[Dataset entries]
******************************

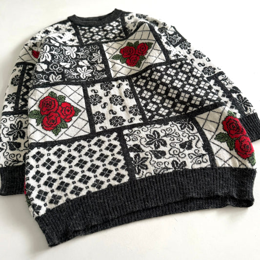 Vintage Patchwork 80's Style Rose Sweater
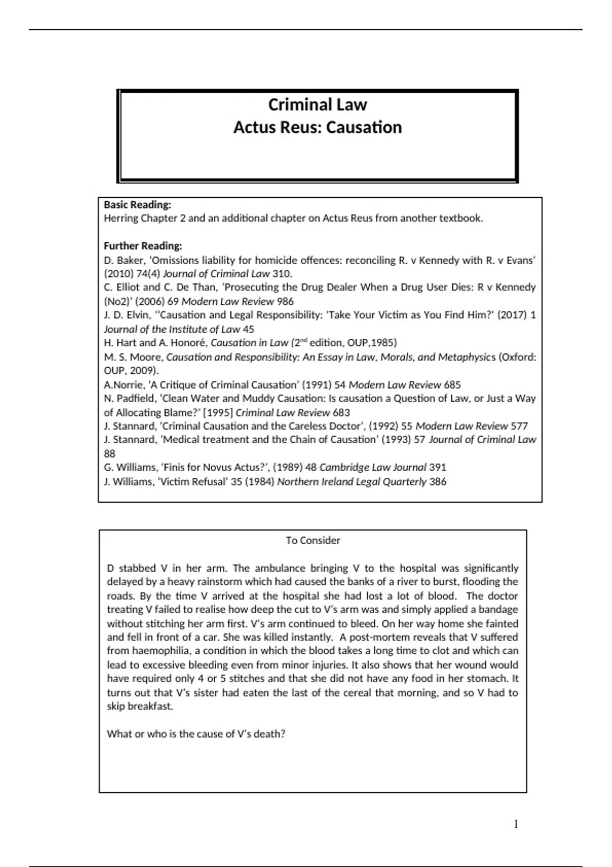 Herring Chapter 2 and an additional chapter on Actus Reus from another textbook.
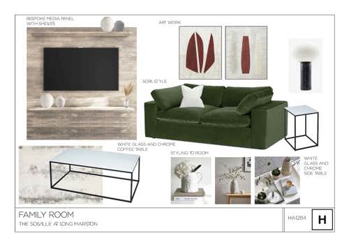 Mood boards were developed for each home and for the five-bedroom Solville, Felicity drew inspiration from the abundant green spaces and wildlife areas on site, using a colour palette of earthy green tones set again natural woods for the downstairs living area. Finishes are matte or satin throughout for a subtle, classic look and bespoke-made artwork also reflects the development’s natural surrounding environment.
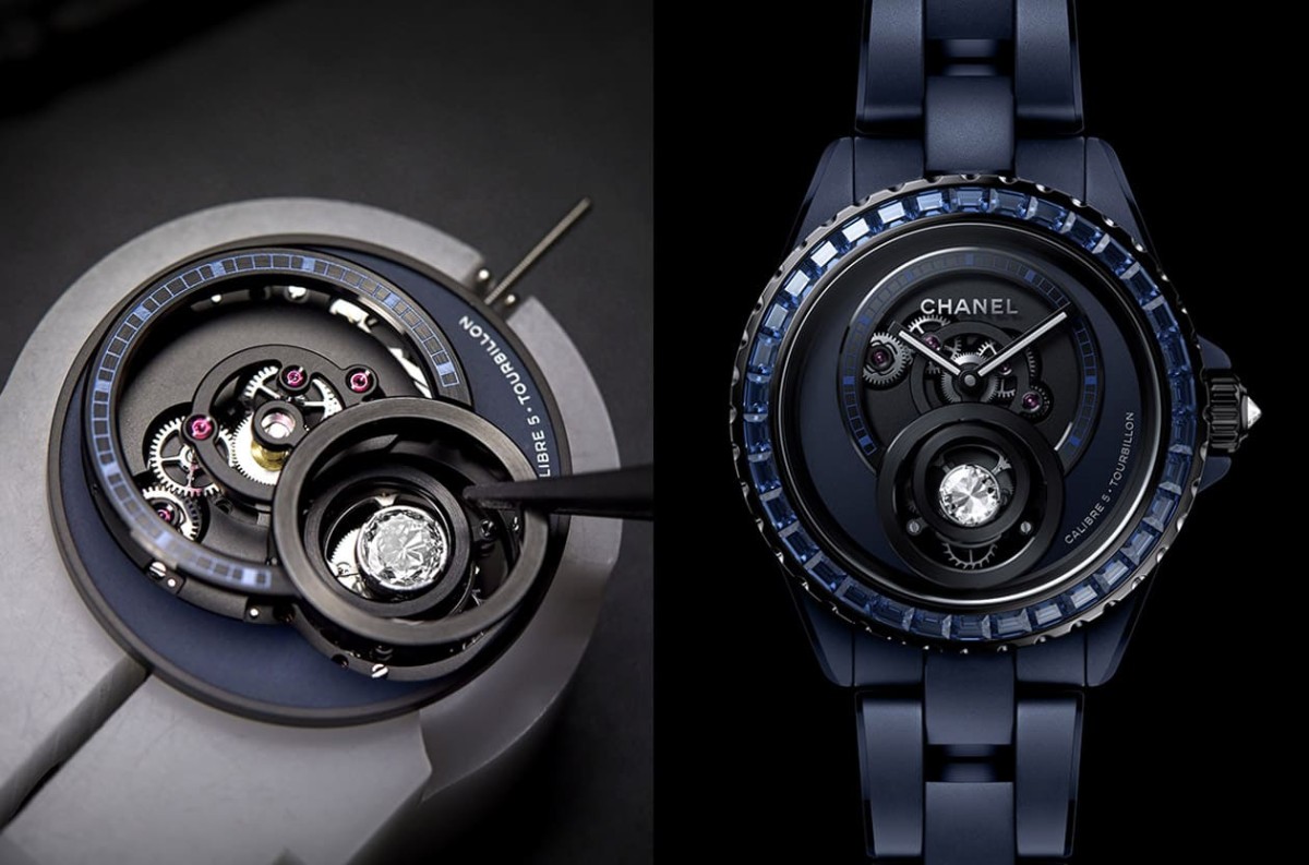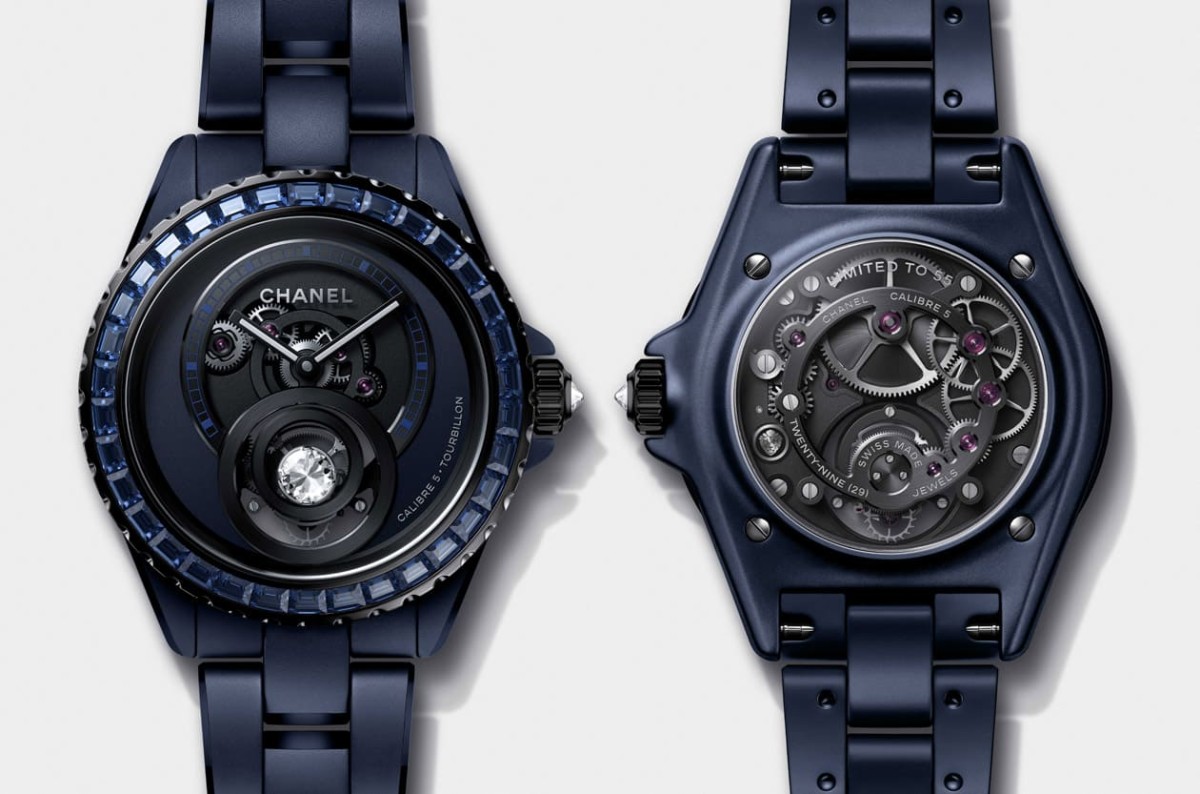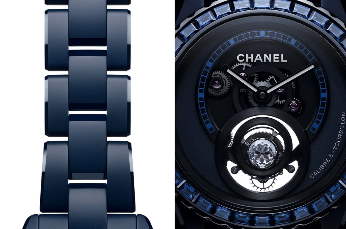 開面設計的藍色面盤與霧面藍色陶瓷互相呼應,至於面盤中央透視出的部分機芯零件,包含主要輪系橋板、陀飛輪框架等都鍍上黑色,包括時、分小錶盤的刻度環也是黑色,與藍色刻度、黑色夜光指針等都是出自貫徹藍黑組合的設計。6點方向的陀飛輪源自香奈兒開發的第五枚自製機芯Caliber 5,其與市面上多數陀飛輪相較有個明顯特點在於框架軸心鑲上一顆約重0.18克拉的獨特切割鑽石,由於陀飛輪每分鐘旋轉一圈,帶有無數切面的鑽石軸承因此能夠自行散發出閃耀璀璨的光芒。腕錶背面的透明底蓋周圍同以霧面藍色高抗磨陶瓷,底蓋上緣刻有"LIMITED TO 55"字樣烘托其稀有性,整枚機芯遵循CHANEL自製機芯共通的圓形邏輯,零件與正面相同多數鍍上黑色,另在接近9點方向鑲有一枚獅子圖騰,是品牌象徵高級製錶工藝的印記。
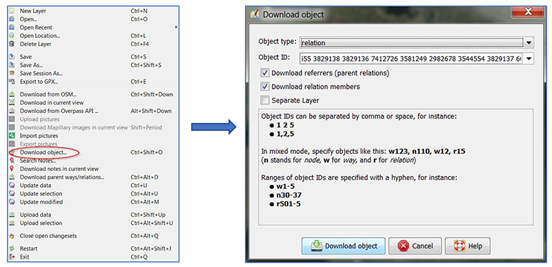 Because of the large number of users and edits, it is inevitable for some map features to remain unbroken. Some turn restrictions have been added with more or fewer members than they must have, so we need to correct them to have the right structure. A correct restriction must have 3 members: a way from which restriction starts (from), a node, a way or multiple ways that connect the beginning and ending of the restriction (via) and a way where the restriction ends (to). We wrote a query which selects all the ways that have turn restrictions and took out those which have 3 members, remaining only those with odd numbers. After that, we created a table with these restrictions, we selected all relation_ids and downloaded them as .csv file. The relation_ids we selected can be copied from the created file and downloaded in the Java OpenStreetMap editor (JOSM) using File-Download object (Fig.3). Just make sure you select Object type: relation (Fig.4).
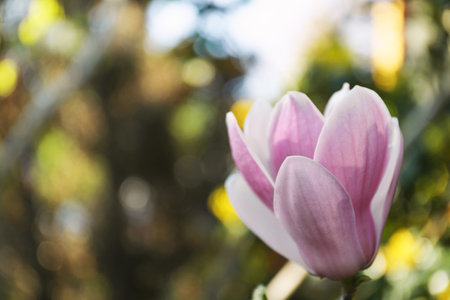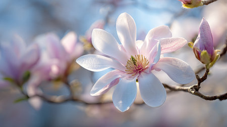 Radiant Magnolia Blossom Illuminated by Gentle Sunlight in Spring

******************************

▶ [Action item]: Return the lines above exactly; the images are not part of the copy.

▶ [Answer for this exercise]:
 Vintage Patchwork 80's Style Rose Sweater
 Herring Chapter 2 and an additional chapter on Actus Reus from another textbook.
 Mood boards were developed for each home and for the five-bedroom Solville, Felicity drew inspiration from the abundant green spaces and wildlife areas on site, using a colour palette of earthy green tones set again natural woods for the downstairs living area. Finishes are matte or satin throughout for a subtle, classic look and bespoke-made artwork also reflects the development’s natural surrounding environment.
 開面設計的藍色面盤與霧面藍色陶瓷互相呼應,至於面盤中央透視出的部分機芯零件,包含主要輪系橋板、陀飛輪框架等都鍍上黑色,包括時、分小錶盤的刻度環也是黑色,與藍色刻度、黑色夜光指針等都是出自貫徹藍黑組合的設計。6點方向的陀飛輪源自香奈兒開發的第五枚自製機芯Caliber 5,其與市面上多數陀飛輪相較有個明顯特點在於框架軸心鑲上一顆約重0.18克拉的獨特切割鑽石,由於陀飛輪每分鐘旋轉一圈,帶有無數切面的鑽石軸承因此能夠自行散發出閃耀璀璨的光芒。腕錶背面的透明底蓋周圍同以霧面藍色高抗磨陶瓷,底蓋上緣刻有"LIMITED TO 55"字樣烘托其稀有性,整枚機芯遵循CHANEL自製機芯共通的圓形邏輯,零件與正面相同多數鍍上黑色,另在接近9點方向鑲有一枚獅子圖騰,是品牌象徵高級製錶工藝的印記。
 Because of the large number of users and edits, it is inevitable for some map features to remain unbroken. Some turn restrictions have been added with more or fewer members than they must have, so we need to correct them to have the right structure. A correct restriction must have 3 members: a way from which restriction starts (from), a node, a way or multiple ways that connect the beginning and ending of the restriction (via) and a way where the restriction ends (to). We wrote a query which selects all the ways that have turn restrictions and took out those which have 3 members, remaining only those with odd numbers. After that, we created a table with these restrictions, we selected all relation_ids and downloaded them as .csv file. The relation_ids we selected can be copied from the created file and downloaded in the Java OpenStreetMap editor (JOSM) using File-Download object (Fig.3). Just make sure you select Object type: relation (Fig.4).
 Radiant Magnolia Blossom Illuminated by Gentle Sunlight in Spring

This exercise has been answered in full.